TRAGEDIA GRIEGA

Aunque Onassis pudiera sentir una cierta atracción por Jackie Kennedy, su interés por la ex primera dama poco tenía que ver con el amor. El armador buscaba a través de ella vincularse con el que todos daban por hecho que se convertiría en el futuro presidente del país, su cuñado Robert Kennedy. Pero el 5 de junio de 1968, el candidato demócrata a la presidencia moría asesinado en Los Ángeles. Jackie, que desde el brutal asesinato de su esposo se sentía más amenazada que nunca y temía por la vida de sus hijos, tras la pérdida de Bob —su amigo y más cercano confidente desde que enviudó— buscó el consuelo y la protección en los brazos del naviero. Deseaba abandonar Estados Unidos y comenzar una nueva vida lejos de un país que la consideraba un icono. Aunque Onassis —según sus amigos más íntimos— al principio no pensó en casarse con ella y sólo se sentía halagado «por haber sido elegido por la mujer más célebre del momento», tras el asesinato de Robert Kennedy los acontecimientos se precipitaron.

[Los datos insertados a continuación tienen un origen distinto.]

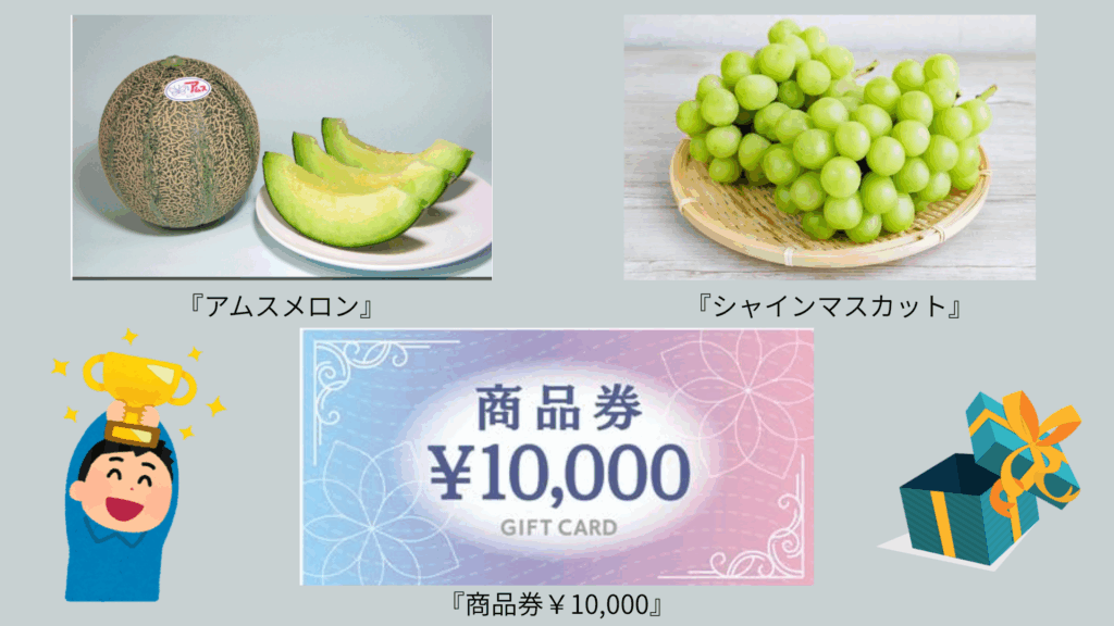 特典は毎回豪華で、1万円の商品券や季節のフルーツ・ギフトセットなどがもらえます。

Tras el breve crucero con la señora Kennedy en el Christina, y mientras Onassis dedicaba sus fines de semana a ganarse a la familia de Jackie, Maria seguía esperando un milagro: que regresara junto a ella. Cuando el armador le pidió que se reuniera con él para pasar juntos el verano en Skorpios, la Callas no pudo negarse. La diva creía que aún podían salvar su relación y a finales de junio acudió a su encuentro en el yate Christina. Aquel verano de 1968 —el último que compartiría con Onassis— sería el más corto y amargo de su vida. Al poco de instalarse en el barco, y de manera inesperada, Aristo le pidió que regresara a París porque esperaba invitados y ella no podía estar a bordo. La cantante hizo las maletas —olvidándose en la caja fuerte algunas de las valiosas joyas que el naviero le había regalado— y abandonó por última vez el barco que durante nueve años había sido su hogar. Sabía que Onassis la echaba de su vida por causa de la que ya era su amante oficial: la viuda de Kennedy. Una semana más tarde la soprano ingresaba en el Hospital Americano de París por una sobredosis de somníferos.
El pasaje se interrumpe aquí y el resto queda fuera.